▸ Exercise prompt: Below are the records; extract from them the line containing "当护士给她挂上水时,她终于松" to the line containing "Personenbezogene Daten auf", both lines included, exactly and with no pictures.

▸ Study material:

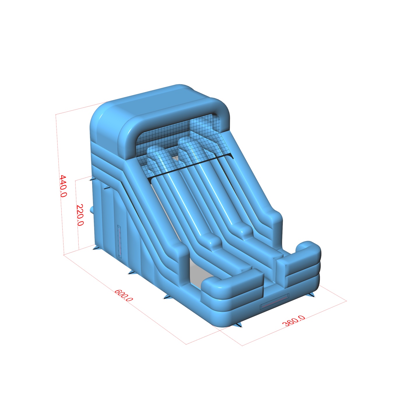 Rovnako ako všetky naše nafukovacie atrakcie, aj tento produkt je vyrobený z vysokokvalitných materiálov – v tomto prípade z najnovšej generácie PVC s vysokou odolnosťou proti pretrhnutiu. Dvojitá nafukovacia mini šmýkačka - pastelová modrá má rozmery: 6 m, 3,6 m, 4,4 m (dĺžka, šírka a výška). Spĺňa bezpečnostnú normu EN 14960 pre nafukovacie herné vybavenie. Odporúčame používať túto atrakciu spolu s dúchadlami, ktoré sú súčasťou balenia. Rovnako ako pri väčšine našich atrakcií poskytujeme na tento produkt dvojročnú záruku. V spoločnosti Gangaru dbáme na detaily, aby ste si vy nemuseli robiť starosti – súčasťou balenia sú všetky doplnky potrebné na zaistenie atrakcie (laná a kolíky). Produkt bol odborne skontrolovaný a certifikovaný nezávislým expertom.
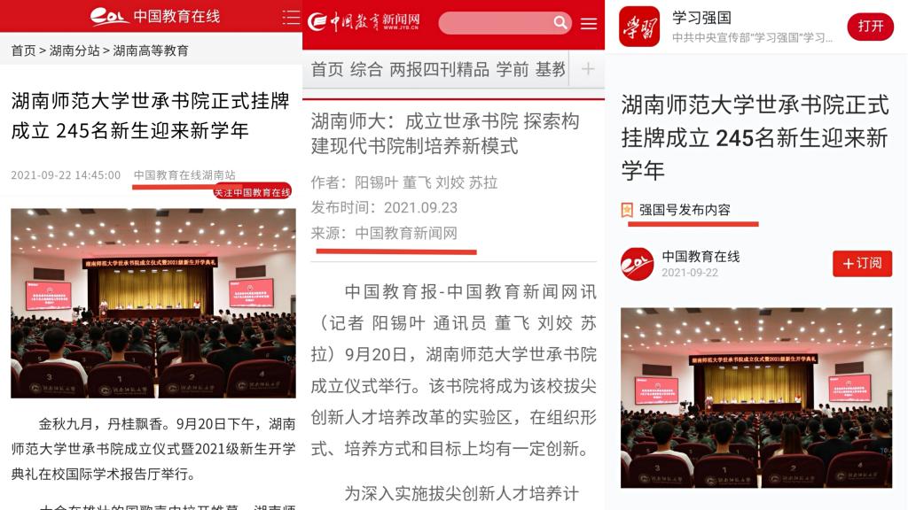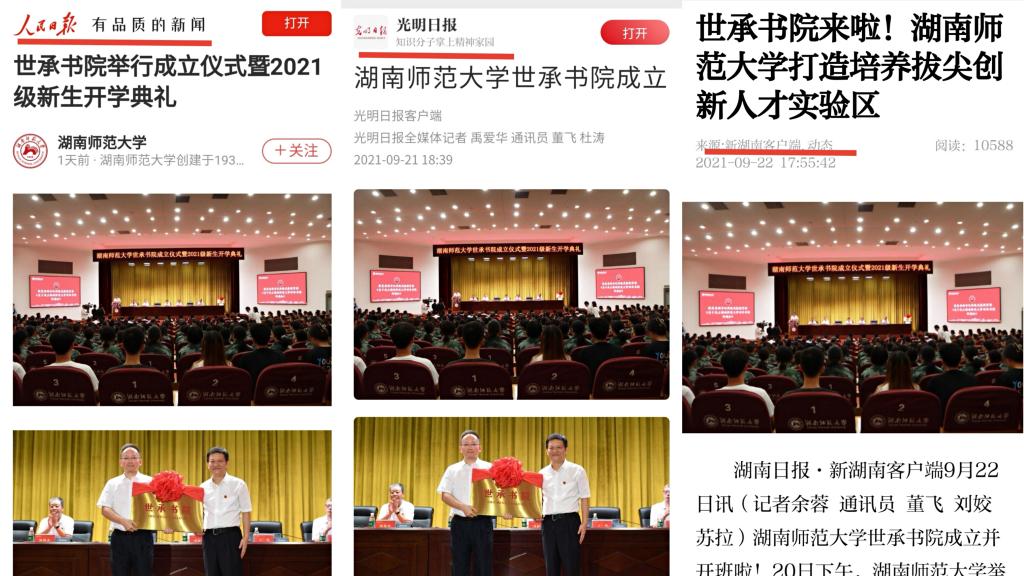 (通讯员 郭昕茗)9月20日,我校世承书院成立仪式暨2021级新生开学典礼于国际学术报告厅举行。作为集全校之力、聚全校之智建设的拔尖创新人才培养模式改革特区,世承书院受到了媒体的广泛关注。人民日报、光明日报、湖南经视、中国教育新闻网、学习强国、湖南教育新闻网、湖南日报、红网等多家中央、省级主流媒体,对我校现代书院制拔尖创新人才培养新模式进行了集中报道,中国教育在线、网易新闻、今日头条等网络媒体纷纷转发。世承书院的创立,充分展现出我校主动对接国家重大战略、深入实施拔尖创新人才培养计划、不断完善拔尖创新人才培养新体系的教育追求。
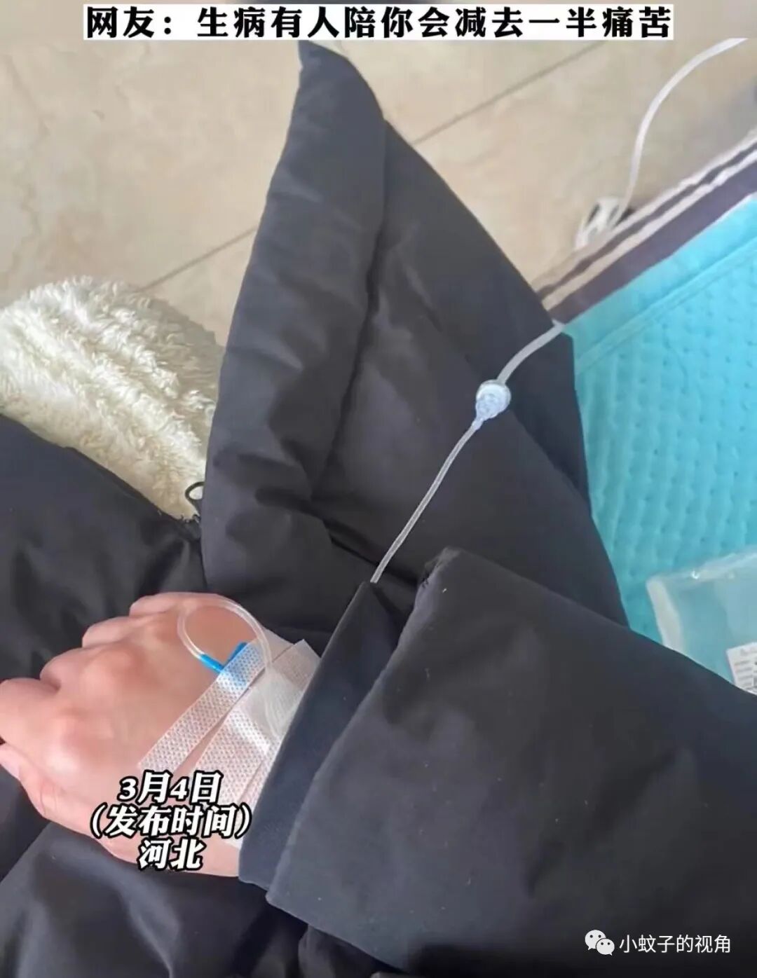 当护士给她挂上水时,她终于松了一口气!却发现对面还有一个女子在挂水,明显也是刚来没多久,瓶子里的药水还有很多。
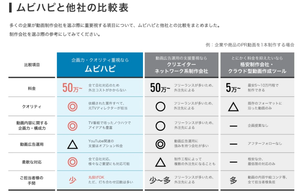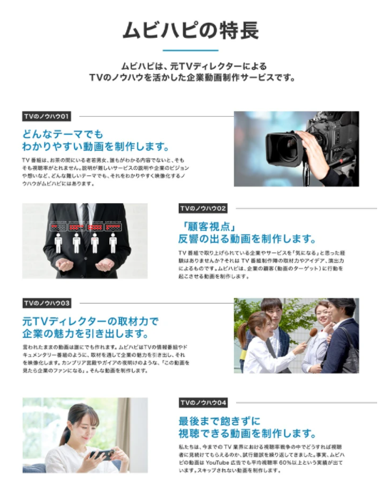私たちムビハピは、TVで培ってきたノウハウを元に、動画を見せるターゲットの理解や共感を得て、行動を起こさせる動画を制作します。
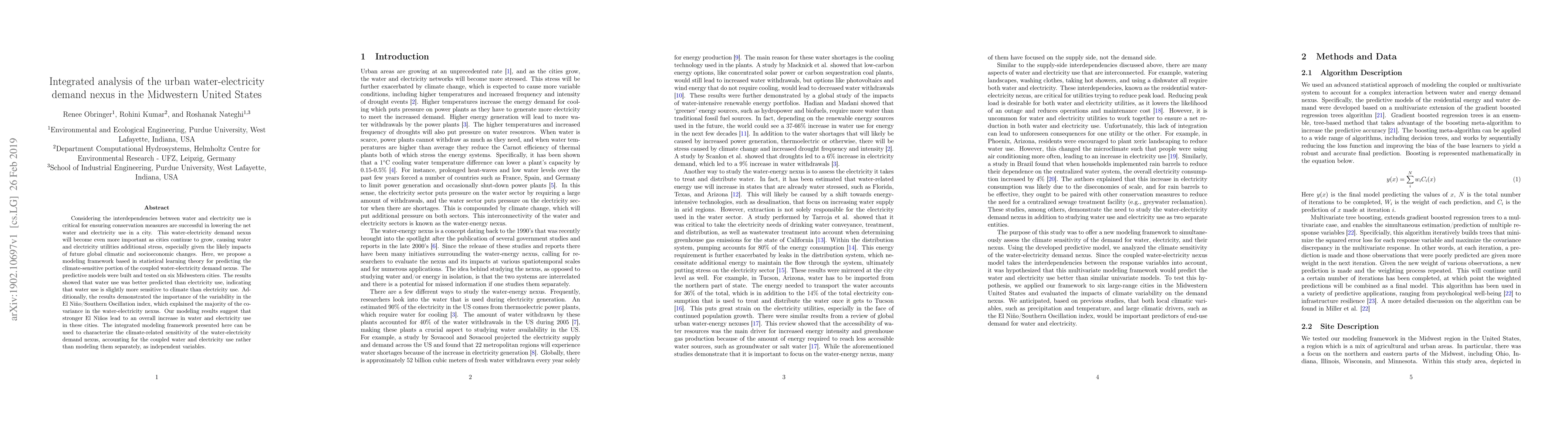 This study develops a statistical modeling framework to predict the climate-sensitive water-electricity demand nexus in six Midwestern U.S. cities, finding that water use is more climate-sensitive than electricity use, with El Nino/Southern Oscillation variability significantly influencing their interdependency.
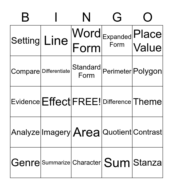 This bingo card has a free space and 24 words: Imagery, Summarize, Standard Form, Genre, Place Value, Setting, Compare, Line, Difference, Area, Perimeter, Evidence, Quotient, Contrast, Differentiate, Sum, Theme, Word Form, Polygon, Effect, Stanza, Analyze, Expanded Form and Character.
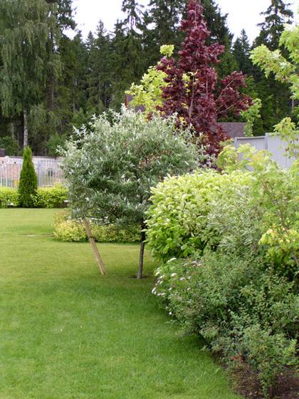 Посадка декоративных древесных и кустарниковыхПри создании садов или небольших участков сада в пейзажном (Английском) стиле используется групповая посадка лиственных и хвойных деревьев и кустарников. Разноуровневая группа создается с учетом темпов роста, формы и окраски кроны в разное время года отдельно взятых растений. Понятно, что лиственные и хвойные деревья растут гораздо медленнее, чем кустарники. Поэтому для того, чтобы такая группа выглядела красиво уже в первые годы после посадки, в пустые участки между деревьями или медленно растущими кустарниками сажают подходящие, достаточно высокие многолетние растения или быстрорастущие кустарники. По мере роста основных растений, их можно будет заменить или просто пересадить на другое место.
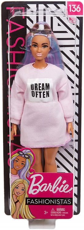 Barbie doll has a curvier body type than the original and wears a pink sweatshirt dress with the message "dream often."
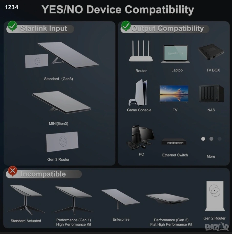 Starlink Ethernet Adapter Gen 3 / Mini – 4 порта, Gigabit, Plug & Play → Обява 54195499
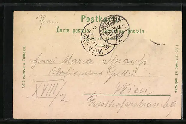 Personenbezogene Daten auf der Rückseite der Karte wurden durch blauen Textmarker unkenntlich gemacht. Die blauen Stellen sind auf die Vorderseite durchgeweicht und wirken sich negativ auf das Postkartenfoto aus
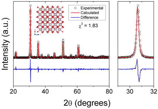 Figure 2 presents an X-ray diffraction pattern for an In2O3 sample prepared by the polymer precursor method described in Section 3.1 after heat-treating the resin at 500 °C. This oxide crystallizes in a cubic symmetry (space group Ia3). The lattice parameter was estimated at 1.01 nm through the Rietveld refinement. The refinement converged fast and yielded a goodness-of-fit of 1.83 and crystallite size estimated at 59 nm. The inset of Figure 2 shows a schematic representation of the typical bixbyite structure of In2O3.
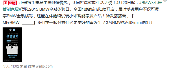 六年前,小米官微宣布,将与宝马展开跨界合作,以“店中店”的形式在宝马展馆中展示小米智能家居产品,这项合作开启了小米进军汽车行业的节点。
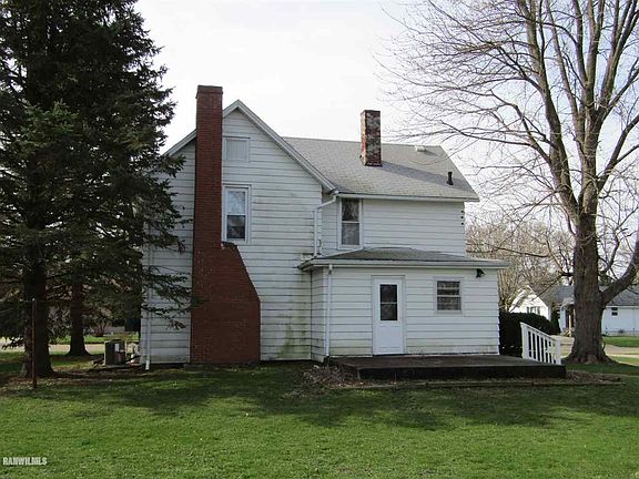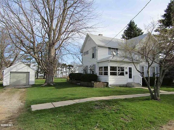 Take a look at this 2 story home. Entry is into an enclosed front porch. There is a dining room with closet. The kitchen offers L-shaped cabinet and counter space. The large living room features a striking stone wood burning fireplace with book shelves on either side. The second story is accessed from a closed stairway in the dining room. The upper level has 3 bedrooms and a full bathroom. There is a single detached garage west of the home and a brick grill in the back yard. Call today to schedule your personal showing.
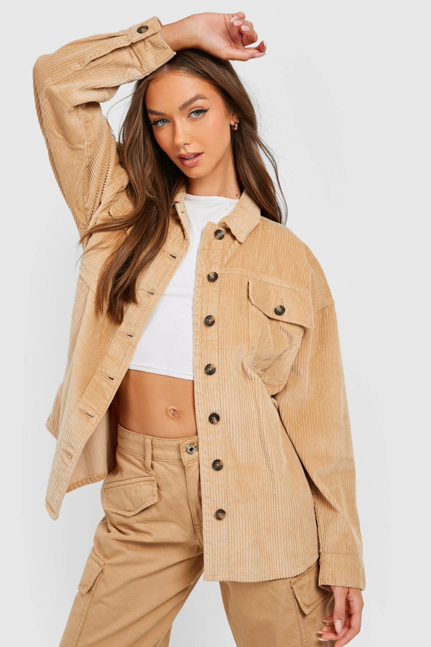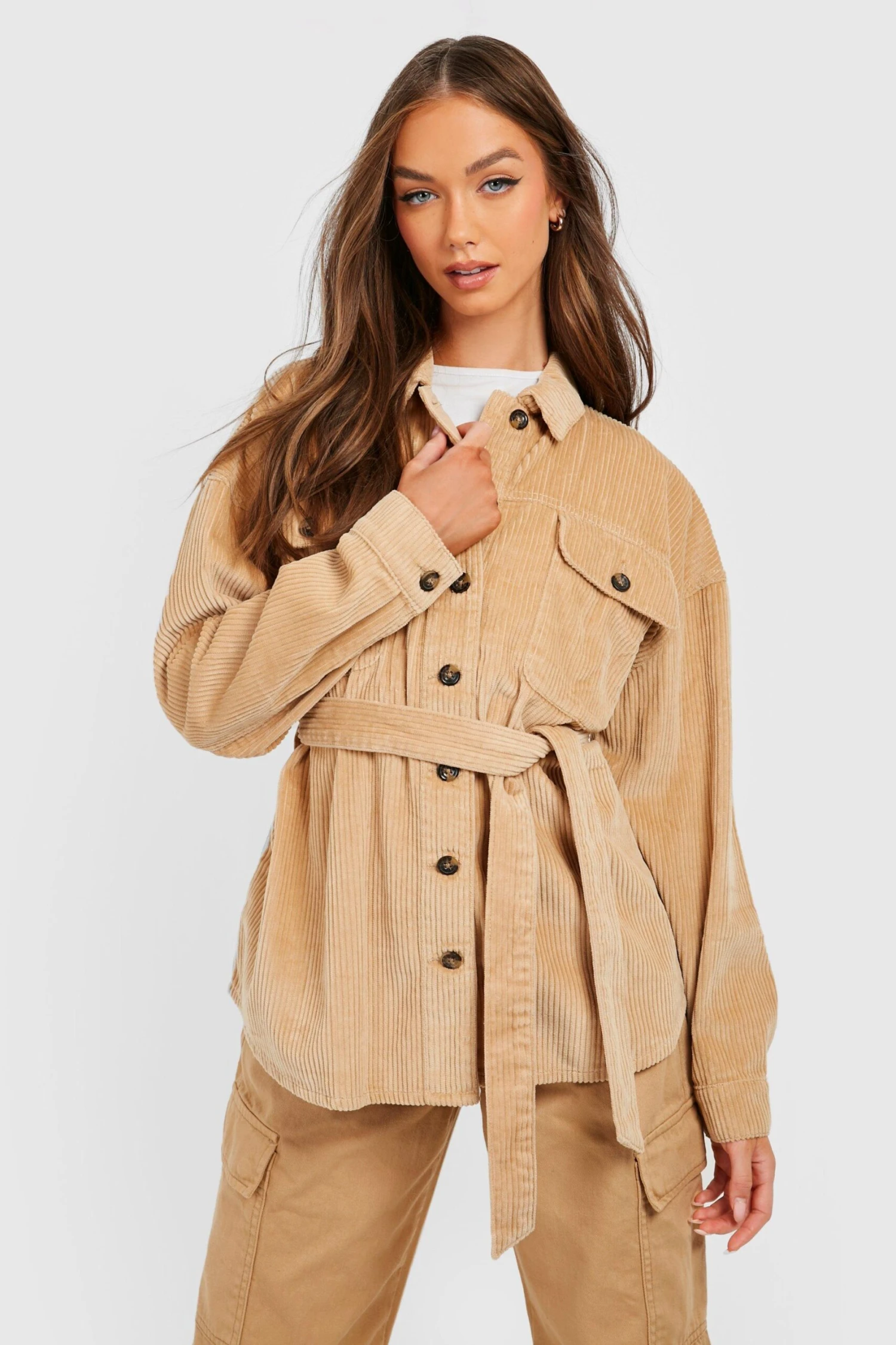 Oversize Cord-Shacket Mit Tasche Und Gürtel
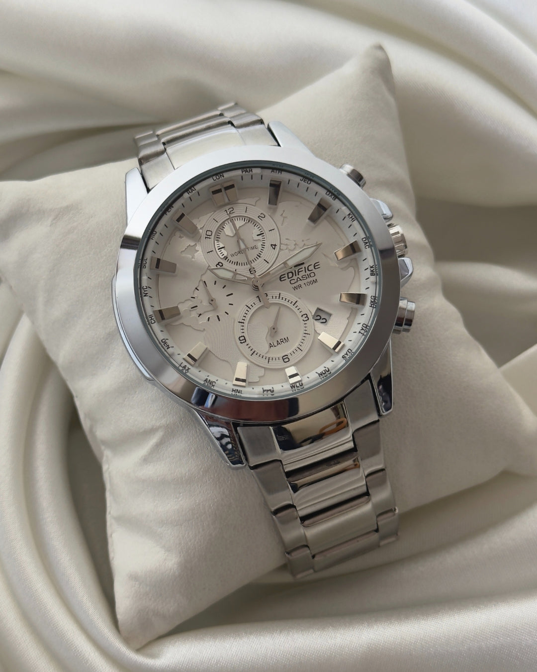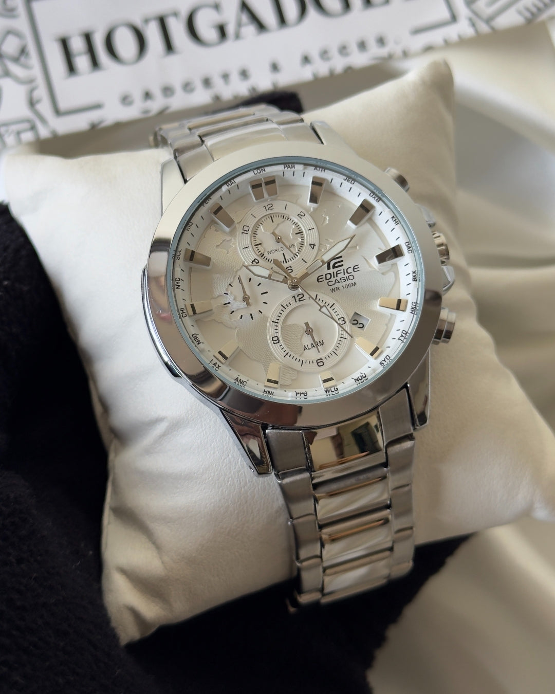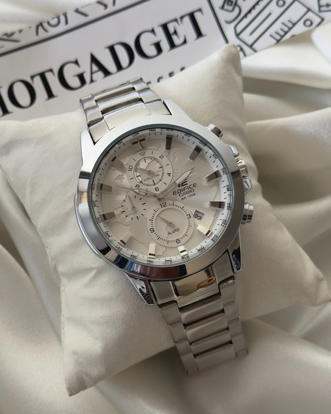 The Edifice Metal Chronograph Watch seamlessly merges style and precision. With a sleek metal construction, this timepiece exudes a modern and sophisticated vibe.
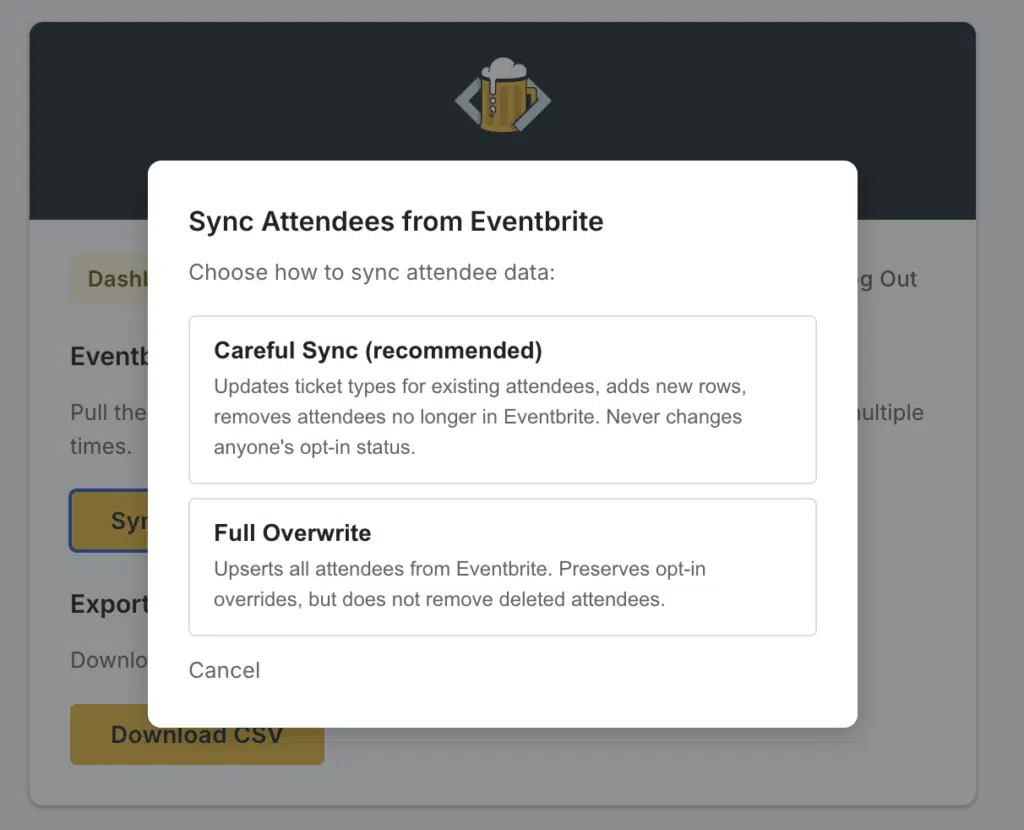 If I was going to do it this way, I wanted to include everything on my wishlist, not just an MVP (minimally viable product). With that in mind I decided to include not just the attendee eligibility lookup and the ability to manage one’s opt-in status, but also an admin dashboard, automatic Eventbrite data synchronization, and a raffle drawing UI.

▸ Output of the exercise:
 当护士给她挂上水时,她终于松了一口气!却发现对面还有一个女子在挂水,明显也是刚来没多久,瓶子里的药水还有很多。
私たちムビハピは、TVで培ってきたノウハウを元に、動画を見せるターゲットの理解や共感を得て、行動を起こさせる動画を制作します。
 This study develops a statistical modeling framework to predict the climate-sensitive water-electricity demand nexus in six Midwestern U.S. cities, finding that water use is more climate-sensitive than electricity use, with El Nino/Southern Oscillation variability significantly influencing their interdependency.
 This bingo card has a free space and 24 words: Imagery, Summarize, Standard Form, Genre, Place Value, Setting, Compare, Line, Difference, Area, Perimeter, Evidence, Quotient, Contrast, Differentiate, Sum, Theme, Word Form, Polygon, Effect, Stanza, Analyze, Expanded Form and Character.
 Посадка декоративных древесных и кустарниковыхПри создании садов или небольших участков сада в пейзажном (Английском) стиле используется групповая посадка лиственных и хвойных деревьев и кустарников. Разноуровневая группа создается с учетом темпов роста, формы и окраски кроны в разное время года отдельно взятых растений. Понятно, что лиственные и хвойные деревья растут гораздо медленнее, чем кустарники. Поэтому для того, чтобы такая группа выглядела красиво уже в первые годы после посадки, в пустые участки между деревьями или медленно растущими кустарниками сажают подходящие, достаточно высокие многолетние растения или быстрорастущие кустарники. По мере роста основных растений, их можно будет заменить или просто пересадить на другое место.
 Barbie doll has a curvier body type than the original and wears a pink sweatshirt dress with the message "dream often."
 Starlink Ethernet Adapter Gen 3 / Mini – 4 порта, Gigabit, Plug & Play → Обява 54195499
 Personenbezogene Daten auf der Rückseite der Karte wurden durch blauen Textmarker unkenntlich gemacht. Die blauen Stellen sind auf die Vorderseite durchgeweicht und wirken sich negativ auf das Postkartenfoto aus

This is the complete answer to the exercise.